We can test it with a simple php code.

$ cat wwwroot/index.php
<?php
echo "Hello";

I used container for php-fpm, you can use the same compose file just by changing the path of index.php.

$ cat docker-compose.yml
version: "3.7"

services:
   php-fpm:
     image: php:8.1-fpm
     ports:
       - "9000:9000"
     volumes:
       - /home/ahmetsoguksu/projects/php-fpm/wwwroot:/home/ahmetsoguksu/projects/php-fpm/wwwroot

The Caddyfile is like this:

$ cat /etc/caddy/Caddyfile

:80 {
  root * /home/ahmetsoguksu/projects/php-fpm/wwwroot
  php_fastcgi localhost:9000 
  encode gzip zstd
  file_server
}

I see that "Hello" is returned in a normal request:

$ curl 127.0.0.1
Hello

When I send a request with the "Transfer-Encoding:chunked" header, I do not receive a response:

$ curl 127.0.0.1 --header "Pragma: no-cache" -X POST -d file=test --header "Transfer-Encoding:chunked" -vvv                       
Note: Unnecessary use of -X or --request, POST is already inferred.
*   Trying 127.0.0.1:80...
* Connected to 127.0.0.1 (127.0.0.1) port 80 (#0)
> POST / HTTP/1.1
> Host: 127.0.0.1
> User-Agent: curl/7.81.0
> Accept: */*
> Pragma: no-cache
> Transfer-Encoding:chunked
> Content-Type: application/x-www-form-urlencoded
>

I don't experience any problems when I try it with version 2.6.3.

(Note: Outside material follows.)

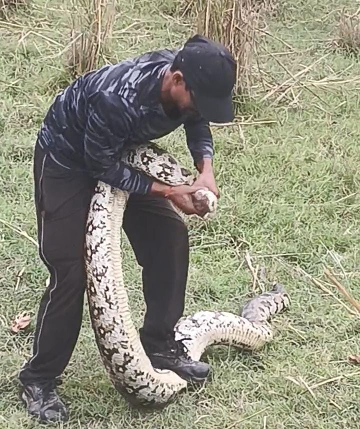 सर्प मित्र राजू मिश्रा ने रेस्क्यू किया विशालकाय अजगर वन विभाग को सौंपा
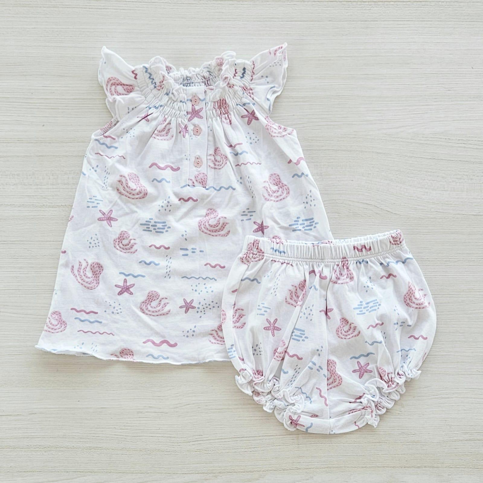 Our adorable Sea Friends Dress is meticulously crafted from organic and Peruvian Pima cotton, ensuring both softness and elegance. This lightweight and breathable dress is designed for ultimate comfort, allowing your little one to move freely while looking effortlessly stylish all day.

$ wget https://github.com/caddyserver/caddy/releases/download/v2.6.3/caddy_2.6.3_linux_amd64.deb                                  
$ sudo dpkg -i caddy_2.6.3_linux_amd64.deb 
$ caddy version
v2.6.3 h1:QRVBNIqfpqZ1eJacY44I6eUC1OcxQ8D04EKImzpj7S8=
$ sudo systemctl restart caddy

$ curl 127.0.0.1 --header "Pragma: no-cache" -X POST -d file=test --header "Transfer-Encoding:chunked" -vvv                       
Note: Unnecessary use of -X or --request, POST is already inferred.
*   Trying 127.0.0.1:80...
* Connected to 127.0.0.1 (127.0.0.1) port 80 (#0)
> POST / HTTP/1.1
> Host: 127.0.0.1
> User-Agent: curl/7.81.0
> Accept: */*
> Pragma: no-cache
> Transfer-Encoding:chunked
> Content-Type: application/x-www-form-urlencoded
> 
* Mark bundle as not supporting multiuse
< HTTP/1.1 200 OK
< Content-Type: text/html; charset=UTF-8
< Server: Caddy
< X-Powered-By: PHP/8.1.27
< Date: Thu, 07 Mar 2024 13:30:34 GMT
< Content-Length: 5
< 
* Connection #0 to host 127.0.0.1 left intact
Hello

Thanks.

vedatkamer · 2024-03-20T17:31:05Z

@mholt do you have any comments about @ahmetsoguksu's latest comment? Thank you.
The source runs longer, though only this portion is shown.